The Ursids originate from comet 8P/Tuttle, a periodic comet that orbits the Sun roughly every 13.6 years. As the comet sheds dust along its path, Earth crosses those remnants each December. Unlike many showers, however, Ursid activity does not always correlate neatly with the comet’s position. Stronger returns have sometimes occurred when the comet was far from the Sun, making predictions unusually difficult and adding an element of uncertainty to each appearance.

Historically, the Ursids have produced a handful of surprising outbursts, notably in 1945 and 1986, with smaller enhancements reported in several years since. In most years, though, the shower lives up to its quiet reputation. That modesty is part of its appeal. Watching the Ursids feels less like attending a spectacle and more like sharing a private moment with the winter sky.

For 2025, conditions are favourable. The Moon will be near new phase around the time of peak, ensuring darker skies than many December meteor displays enjoy.
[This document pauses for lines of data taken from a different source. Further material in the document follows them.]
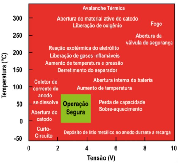 Baterias de lítio possuem uma SOA (safety operation área) que impõe algumas restrições como: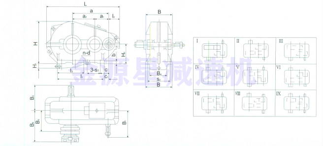 (5) 減速器有九種傳動比,九種配置形式和三種低速軸軸端形式。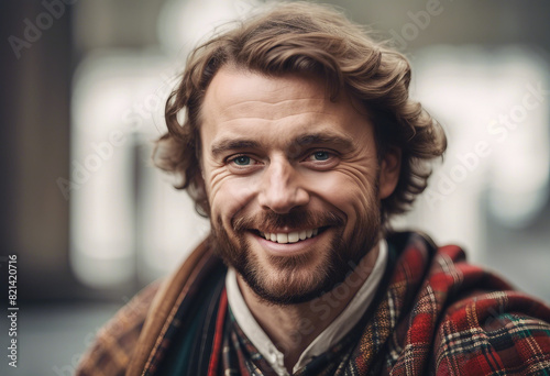 portrait of a beautiful Scottish man in traditional dress with sincere smile, isolated white background

A clear northern horizon and a willingness to linger outdoors are often all that is required. No telescope or binoculars are needed — in fact, they are a hindrance. The naked eye offers the widest view and the best chance of catching these subtle flashes.

There is something fitting about the Ursids arriving as the year winds down. They do not compete for attention, and they rarely disappoint those who understand their limits. In a season often filled with noise and urgency, this quiet meteor shower offers a reminder that not all celestial events need to be loud to be meaningful.

Skywatchers looking for official observing guidance and background on annual meteor showers can find additional resources from NASA’s meteor and meteorite overview, which explains how streams like the Ursids form and why their displays vary from year to year.

If skies cooperate, the Ursids of 2025 may not steal headlines, but they can still offer a gentle, reliable reminder that even the quietest cosmic events are worth looking up for.